- [DATA RECORDS]
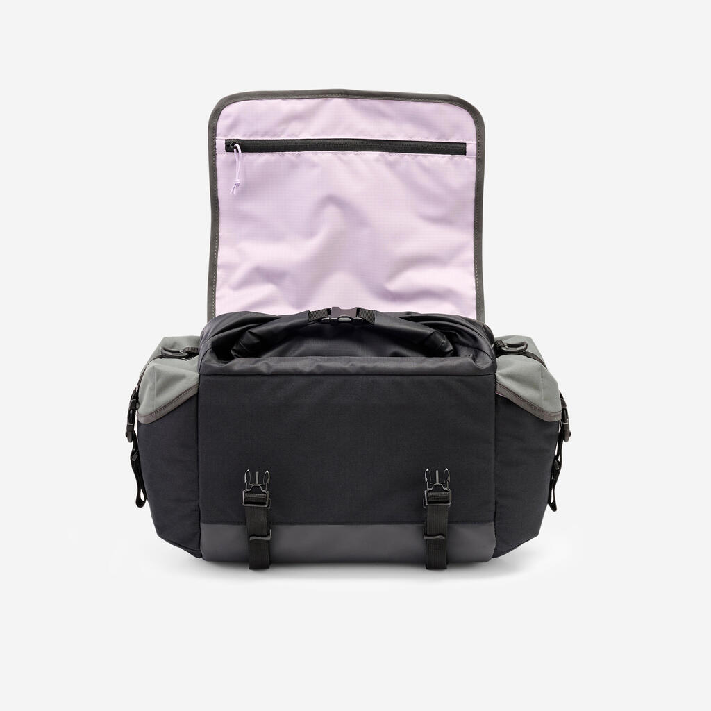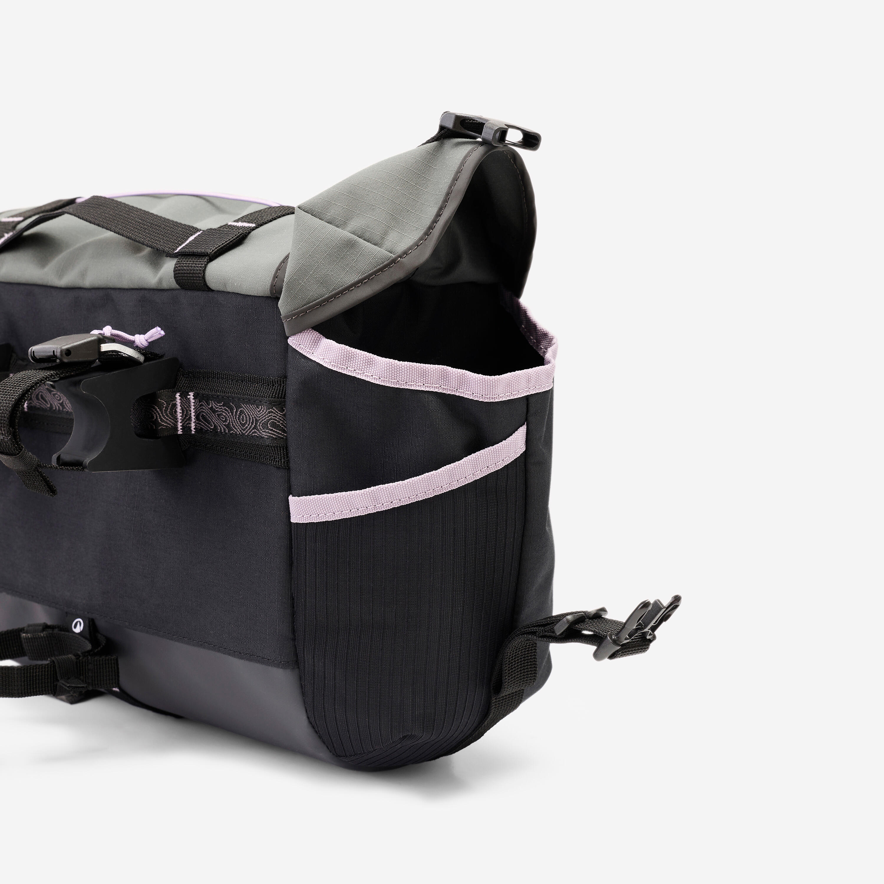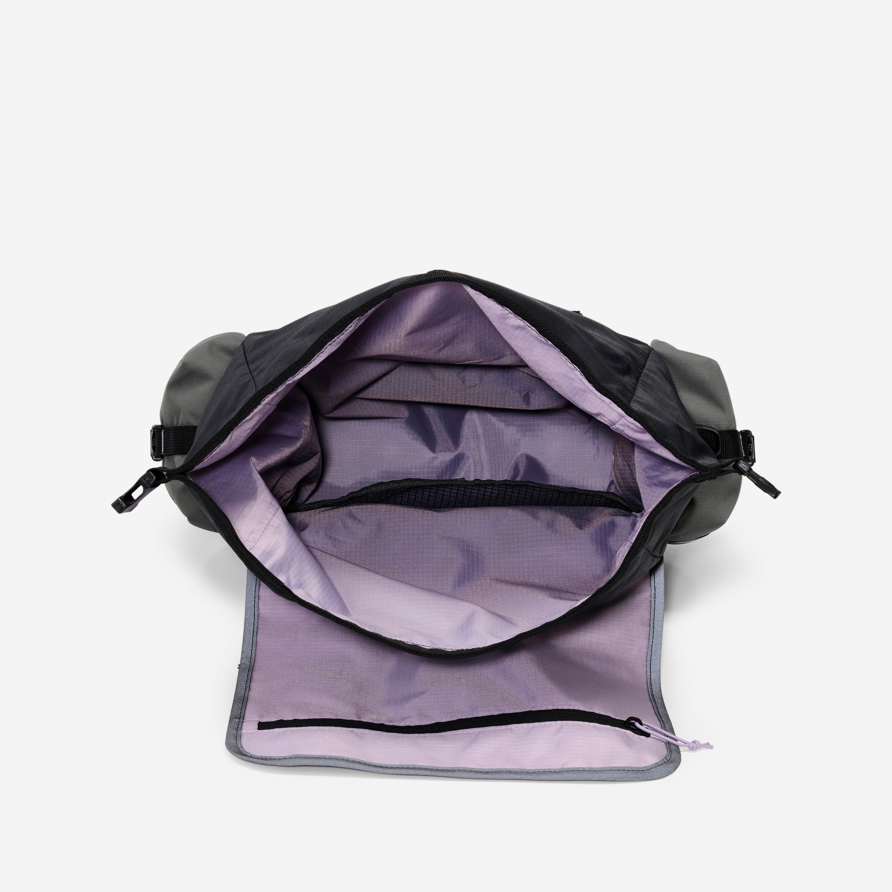 Lahko ga razširite s pomočjo zavihka, ki se razpre in glavnemu predalu doda več prostora ali vam omogoči, da nosite večje breme (npr. zložljivo penasto žimnico).
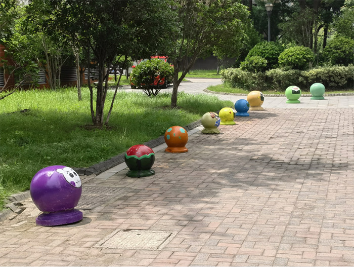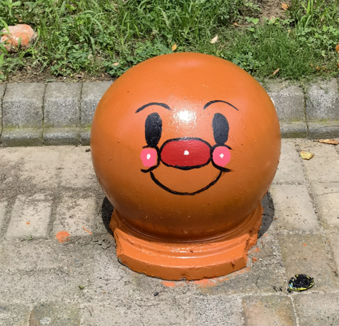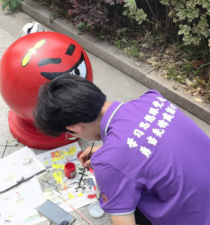 團隊成員陳鵬飛在社區進行石墩子的繪畫
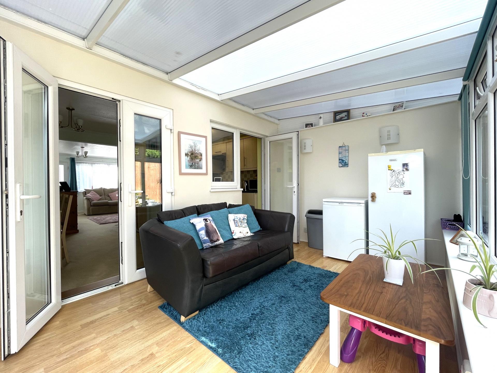 Double glazed to side and rear, French patio doors leading to rear garden and radiator.
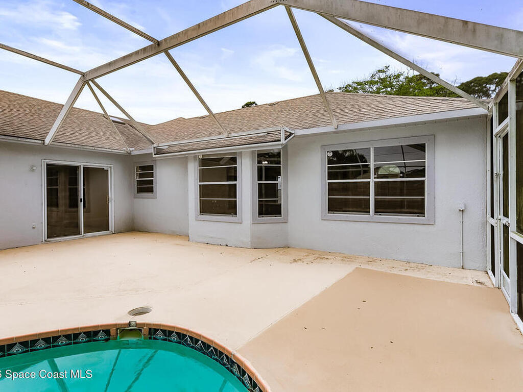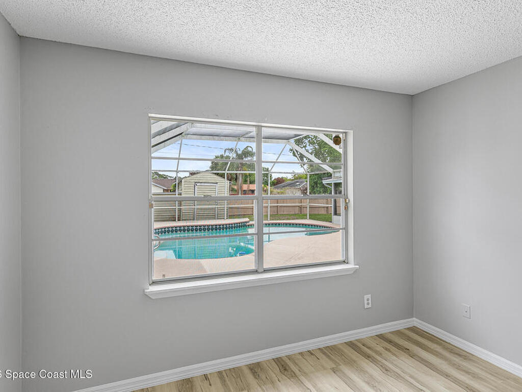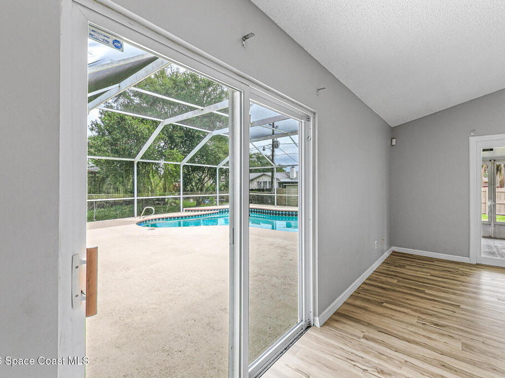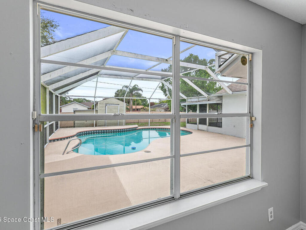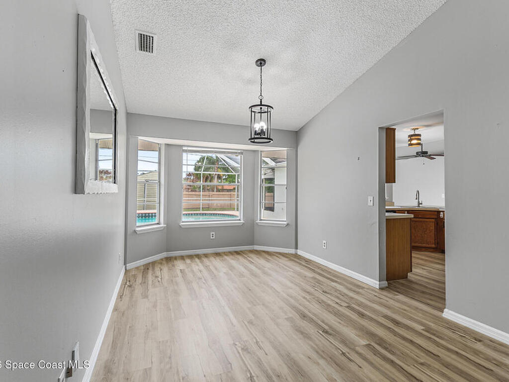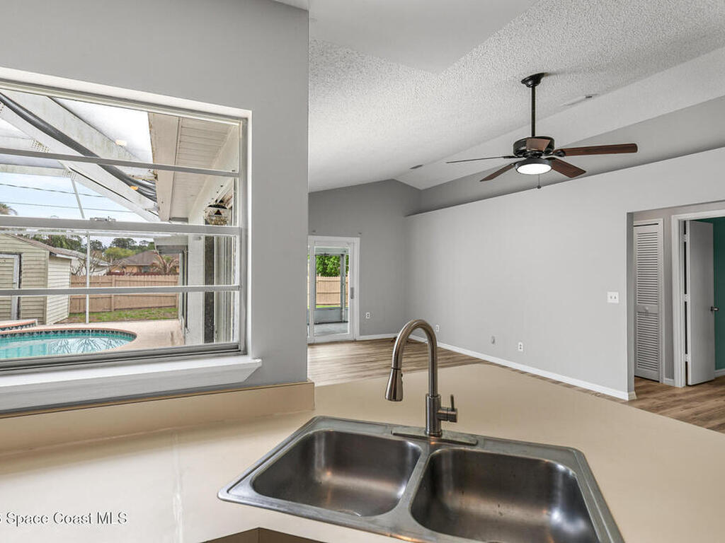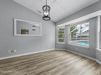 New to the market -- this freshly updated Palm Bay pool home is one of the best values currently available! The seller is offering a $5, 000 closing cost credit to the buyer with an accepted contract closing within 30 days.This spacious 3-bedroom, 2-bath home with a versatile bonus room offers incredible flexibility along with two separate living areas, giving you plenty of room for entertaining, relaxing, working from home, or creating a playroom or guest space.Step inside to a bright and airy open layout featuring vaulted ceilings and luxury vinyl plank flooring throughout. The main living space flows seamlessly into the dining area, where beautiful bay windows overlook the sparkling blue pool, bringing in natural light and creating the perfect backdrop for everyday living.The kitchen sits at the heart of the home, complete with a breakfast bar and plenty of room to gather with family and friends. Several rooms throughout the home enjoy peaceful views of the pool, adding to the
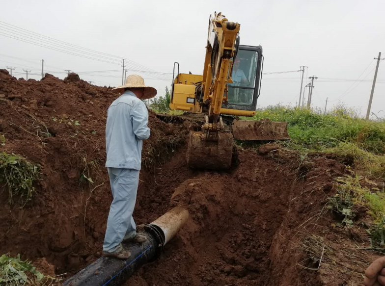 镜头三:东输灌西的钙液管道因使用年久老化,在新东方大道路下的穿越自然损坏,为了不影响钙液销售,抢修工作正“马不停蹄”!

- [WHAT TO DO]
Restate the listing word for word, pictures omitted.

- [TASK RESPONSE]
 Lahko ga razširite s pomočjo zavihka, ki se razpre in glavnemu predalu doda več prostora ali vam omogoči, da nosite večje breme (npr. zložljivo penasto žimnico).
 團隊成員陳鵬飛在社區進行石墩子的繪畫
 Double glazed to side and rear, French patio doors leading to rear garden and radiator.
 New to the market -- this freshly updated Palm Bay pool home is one of the best values currently available! The seller is offering a $5, 000 closing cost credit to the buyer with an accepted contract closing within 30 days.This spacious 3-bedroom, 2-bath home with a versatile bonus room offers incredible flexibility along with two separate living areas, giving you plenty of room for entertaining, relaxing, working from home, or creating a playroom or guest space.Step inside to a bright and airy open layout featuring vaulted ceilings and luxury vinyl plank flooring throughout. The main living space flows seamlessly into the dining area, where beautiful bay windows overlook the sparkling blue pool, bringing in natural light and creating the perfect backdrop for everyday living.The kitchen sits at the heart of the home, complete with a breakfast bar and plenty of room to gather with family and friends. Several rooms throughout the home enjoy peaceful views of the pool, adding to the
 镜头三:东输灌西的钙液管道因使用年久老化,在新东方大道路下的穿越自然损坏,为了不影响钙液销售,抢修工作正“马不停蹄”!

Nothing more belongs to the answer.